- Boriavi Location in Gujarat, India Boriavi Boriavi (India)
- Coordinates: 22°37′39″N 72°56′05″E﻿ / ﻿22.6276°N 72.9347°E
- Country: India
- State: Gujarat
- District: Anand

Population (2001)
- • Total: 45,861

Languages
- • Official: Gujarati, Hindi
- Time zone: UTC+5:30 (IST)
- PIN: 387310
- Telephone code: 02692
- Vehicle registration: GJ 23
- Website: gujaratindia.com

= Boriavi =

Village in Ananad, Gujarat, India

Boriavi is a city in Anand district in the state of Gujarat, India.

==Demographics==
As of 2001 India census, Boriavi had a population of 45,861. Males constituted 52% of the population and females 48%. Boriavi has an average literacy rate of 66%, higher than the national average of 59.5%, with male literacy of 77% and female literacy of 55%. 13% of the population is under 6 years of age.

Boriavi is mainly known internationally for Mahatma Gandhiji's Dandiyatra as all the Dandi members (Hindu devotees on pilgrimage) visited and stayed overnight; it was the main cause for the central government to develop the city's roads, rail and businesses.
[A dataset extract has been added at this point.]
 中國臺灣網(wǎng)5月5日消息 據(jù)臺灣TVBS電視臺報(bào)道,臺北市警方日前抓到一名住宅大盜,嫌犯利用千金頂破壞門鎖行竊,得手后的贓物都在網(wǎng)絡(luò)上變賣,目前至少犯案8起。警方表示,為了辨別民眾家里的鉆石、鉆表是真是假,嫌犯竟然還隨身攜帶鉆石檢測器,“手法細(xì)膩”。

The central government has had many projects for education, roads, and other issues.

Boriavi was internationally recognised in 1996–1997 when the governments of Canada India decided to develop relations between the two countries and ran a student exchange program; the Canadian government sent 24 high-ranking students to live in sub part of India. Three towns were selected across the country on the basis of culture, industry, people, education, sustainability, peace and wealth. Boriavi was among those selected; half of the international guests stayed with some of the town's most prestigious residents for over three months. The government of India made a monument in Boriavi to celebrate the relationship between the Canadian and Indian governments.
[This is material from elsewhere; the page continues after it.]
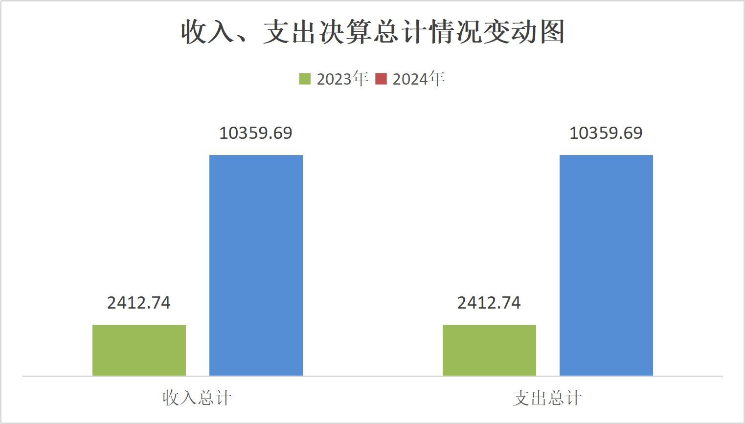 2024年度收入、支出总计均为10359.69万元。与2023年度相比,收入、支出总计各增加7946.95万元,增加329.37%。主要变动原因:一是本年度执法改革新调入12名执法人员,基本支出经费增加;二是新增国债资金四川省遂宁市自然灾害应急能力提升工程基层防灾项目;三是消防应急救援项目完成第二笔款项支付。

Boriavi's educational culture is very well developed. It has very good schools and colleges for the surrounding area; students from the towns of Vallabh Vidhyanagar, Anand and Nadiad also study in the community of Boriavi.

Every summer, the locals celebrate the Batata Festival, featuring many rituals to celebrate the annual potato festival in order to symbolize fertility and prosperity. Boriavi is famous for its Diwali and Uttarayan (kite flying day) festivals.

Boriavi is considered part of the City of Anand; the region is very industry-friendly and has many businesses in the food, cement and agriculture industries. The land of Boriavi is under the "vegetable belt" of India and is one of the most prosperous towns in India. Boriavi is also known for its unity of people. The overall wealth of Boriavi has attracted many investors from all over the country, creating increases in land prices in the region. Many industries have their manufacturing and operating plants in the region.

The central government has given the National Research Center on Medicinal and Aromatic Plants, funded by the Indian Council of Agricultural Research, and some subpart laboratories to the region of Boriavi.

There is well developed Transportation in the area. National Highway 8 and the Indian Railway and Anand–Nadiad Approach road facilities are in Boriavi. There are many big cold storage located here.